La trata de personas en México continúa en aumento en un contexto marcado por altos niveles de impunidad, baja denuncia y una capacidad institucional insuficiente para combatir este delito grave.
Especialistas advierten que el uso de tecnologías de identidad digital puede apoyar la identificación de víctimas y dificultar su captación y traslado por redes criminales.
Actualmente, más de 90% de los casos no se denuncian, lo que limita la capacidad de respuesta de las autoridades y reduce la persecución penal.
Hasta noviembre de 2025 se registraron 542 denuncias formales por trata de personas. En contraste, la Línea Nacional contra la Trata recibió 5 mil 170 reportes.
Esta diferencia exhibe la magnitud de la cifra negra y la desconfianza de las víctimas hacia el sistema de justicia.
Baja denuncia y vulnerabilidad de las víctimas
De acuerdo con la Encuesta Nacional de Victimización y Percepción sobre Seguridad Pública (ENVIPE) 2025, solo 9.6% de los delitos ocurridos en 2024 fueron denunciados.
La tendencia se mantiene durante 2025, según los datos preliminares del mismo ejercicio estadístico.
Este subregistro impacta la atención a las víctimas y dificulta la desarticulación de redes criminales.
Muchas personas afectadas buscan ayuda fuera de las instituciones por temor a represalias o por la percepción de ineficacia oficial.
Menores de edad, un foco crítico de la trata de personas en México
Datos de la Línea Nacional contra la Trata indican que 55% de las víctimas son menores de edad, lo que incrementa su nivel de vulnerabilidad.
Las redes criminales aprovechan la ausencia o falsificación de identidad para facilitar la explotación y el traslado de niñas, niños y adolescentes.
Ante este escenario, organizaciones sociales han incorporado herramientas tecnológicas para agilizar la identificación y localización de víctimas.
Estas acciones se concentran en cruces fronterizos, albergues y centros de acogida, donde se generan registros iniciales.
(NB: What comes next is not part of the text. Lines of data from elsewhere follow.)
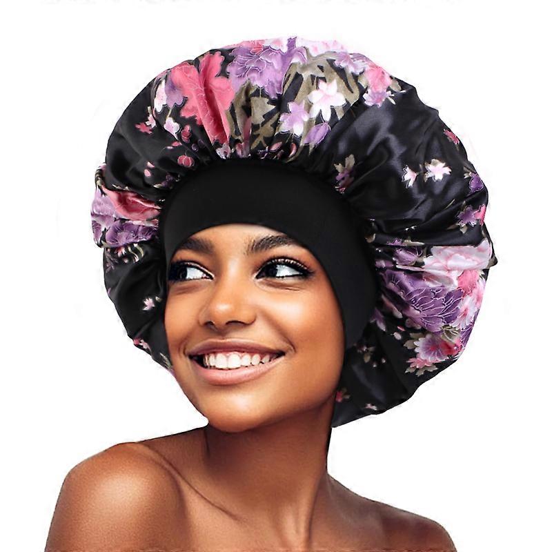 Chapeau de nuit en Satin de grande taille, Bonnet imprim�� floral, ��lastique, large bande, Bonnet de couchage pour femmes, soins capillaires,
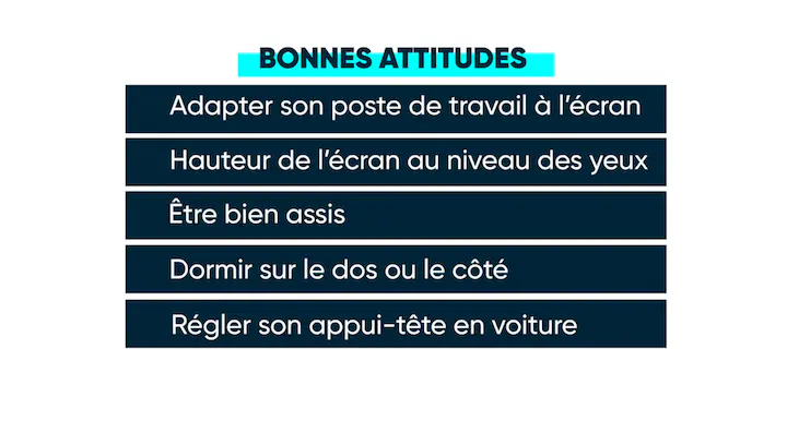 Adoptez des attitudes de la tête et du cou appropriées dans les tâches quotidiennes :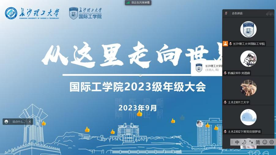 9月23日上午,国际工学院线上召开2023级新生年级大会。学院党总支副书记兼副院长乔法光,新生辅导员马玉文、吴紫怡出席会议,2023级全体学生参会。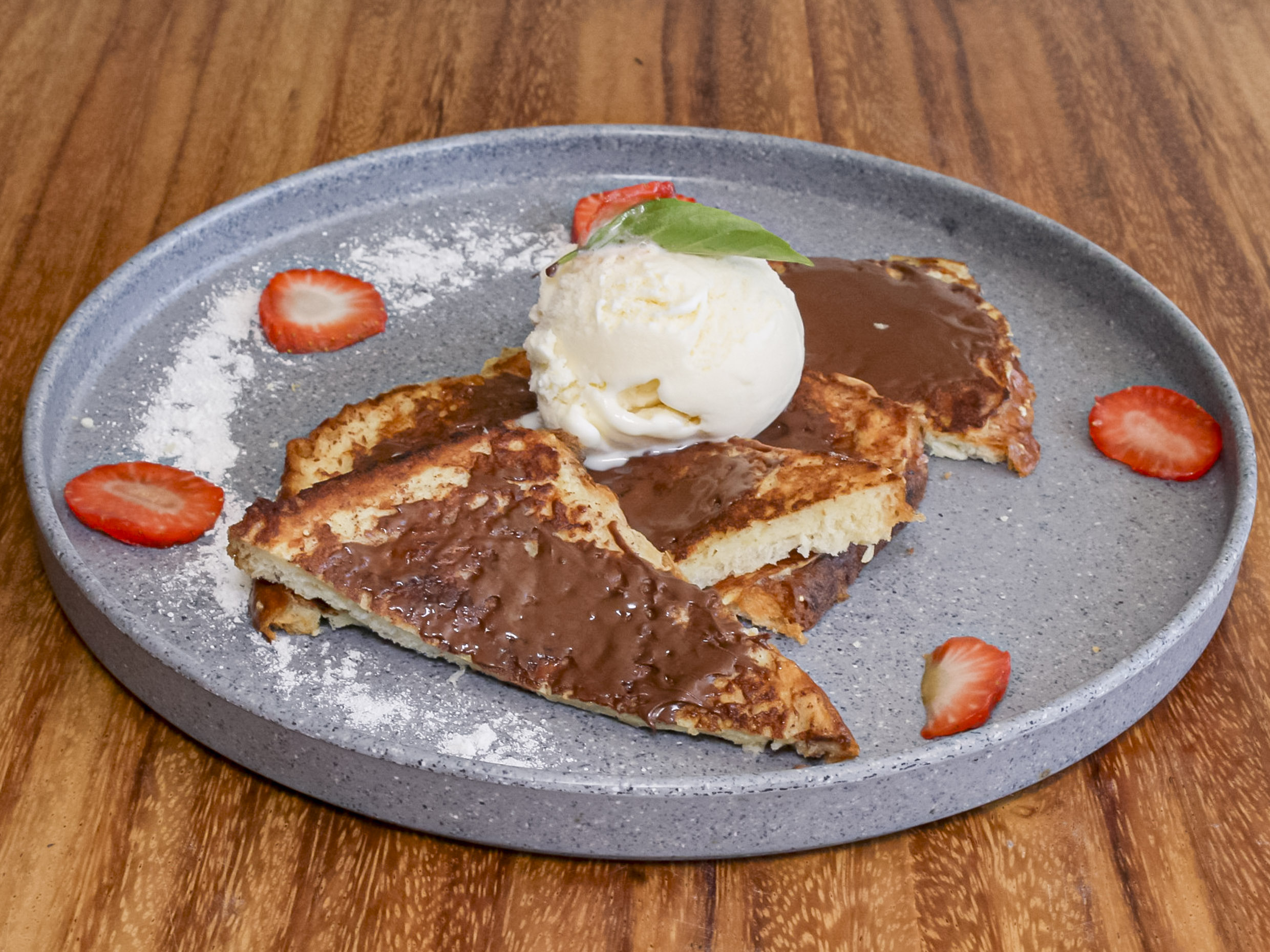 4 Piezas. De pan de caja. Coronados con nutella, fresas, almendra y nieve.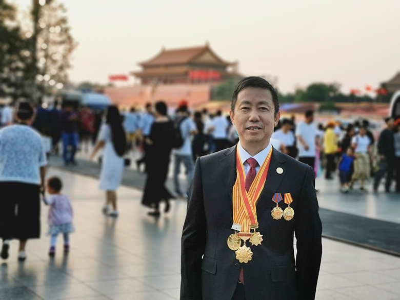 紅豆集團(tuán)董事局主席兼CEO周海江受邀前往北京出席新中國成立70周年系列活動,為了此次歌會,他在天安門現(xiàn)場附近拍攝了視頻短片傳到歌會現(xiàn)場,與所有紅豆人分享參與國慶活動的喜悅和光榮,他表示“能夠受邀參與國慶系列活動,這份榮譽歸功于所有員工幾十年來始終堅持不移的聽黨話、跟黨走、報黨恩”,他還表達(dá)了對祖國生日的祝福。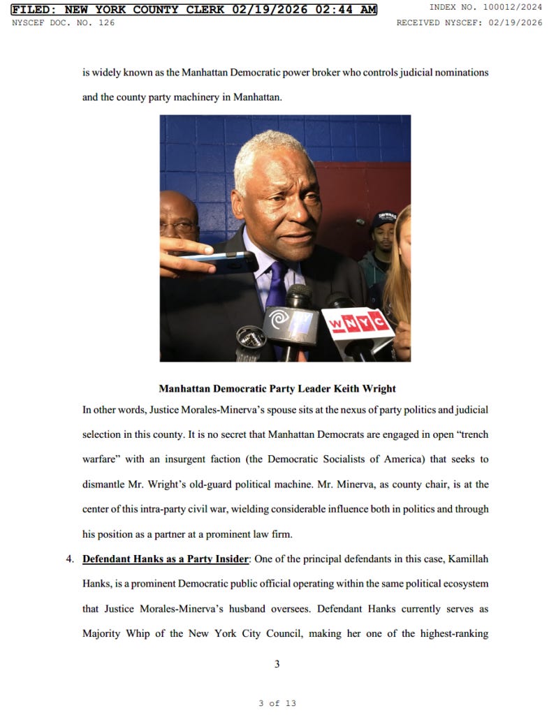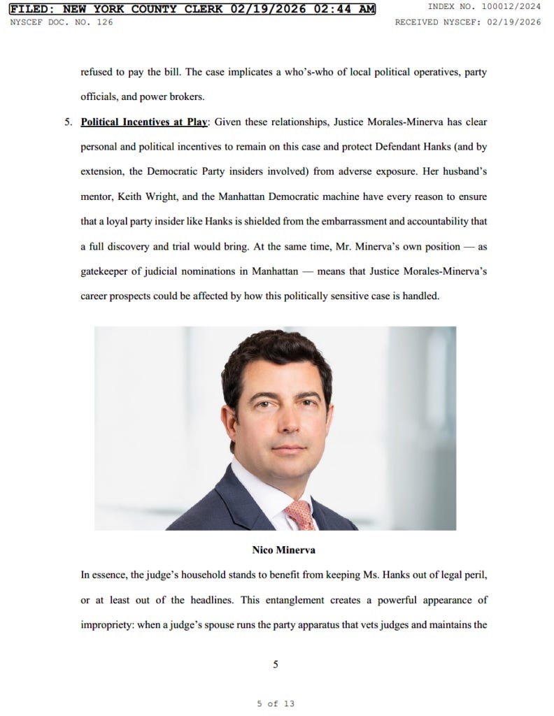Enter Justice Emily Morales-Minerva – and yet another conflict of interest. She’s the judge currently presiding over Luthmann v. Hanks, but she also happens to be married to Domenico “Nico” Minerva, the Manhattan Democrat Party chair, a “longtime lieutenant” of party boss Keith L. Wright, and a partner at Labaton Keller Sucharow LLP.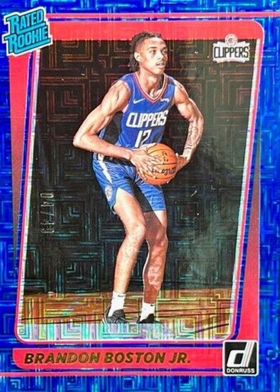 The Brandon Boston Jr. 2021 Donruss #239 Choice Blue /49 Rookie card in Raw condition has not changed in price in the last 30 days and was last sold for $13.49 .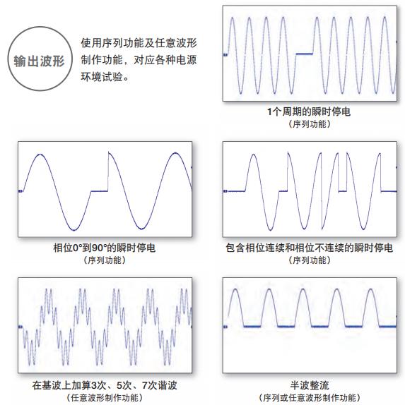 编程重复试验,多种条件的组合及长时间试验等试验模式并输出。使用附带的控制软件,复杂的输出式样也轻松编辑,可高效进行不同地域电源试验及规格试验的预备试验。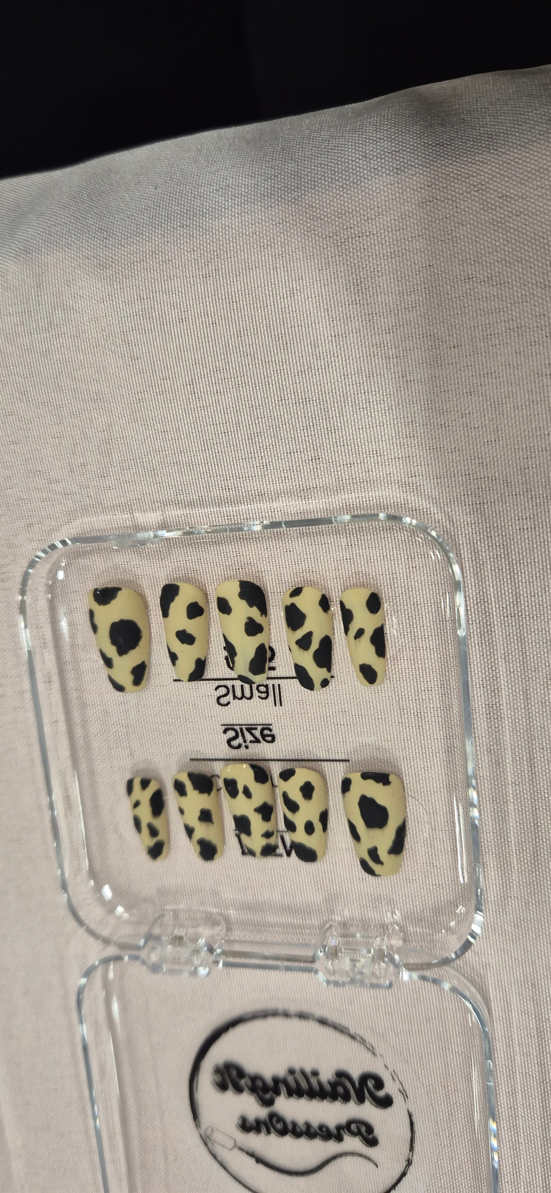 This set comes in three sizes or custom sizes. To know your size measure the longest width of your nail with either a fabric tape. Or you can use a piece of tape over your finger. Mark the two points then take it off and measure it with a ruler. Write down this number and choose from one of the sizes. Custom sizes are also available.
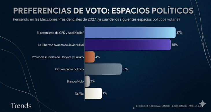 Esta erosión ética ha pavimentado el camino para el retorno del peronismo. El estudio sugiere que el frente opositor no solo está ordenado, sino que aparece competitivo incluso en escenarios de primera vuelta.

Identidad digital como apoyo operativo
Especialistas señalan que los grupos criminales recurren de forma sistemática a la falsificación de identidades, sobre todo durante la captación y el traslado de víctimas.
En este contexto, empresas como Identy.io desarrollaron sistemas de verificación biométrica sin contacto.
Estas herramientas permiten confirmar identidades a partir de rasgos físicos únicos, incluso cuando la documentación fue alterada o no existe.
Organizaciones como The Exodus Road y My Family ID utilizan estos sistemas para reducir tiempos de identificación y facilitar la canalización de víctimas.
Tecnología con límites claros
Jesús Aragón, director ejecutivo de Identy.io, señaló que la biometría puede tener un uso estratégico en la reducción de delitos como la trata de personas.
La tecnología permite la captura biométrica con prueba de vida pasiva, lo que ayuda a descartar identidades falsas.
Especialistas subrayan que estas herramientas no sustituyen la investigación penal ni corrigen la impunidad estructural.
La trata de personas en México: un problema estructural
Mientras la impunidad prevalezca y la mayoría de los casos permanezcan fuera del sistema de justicia, la trata seguirá ocurriendo.
La tecnología puede reducir riesgos y apoyar procesos de identificación.
Sin embargo, el combate a la trata de personas en México depende de investigaciones efectivas, sentencias firmes y políticas públicas sostenidas.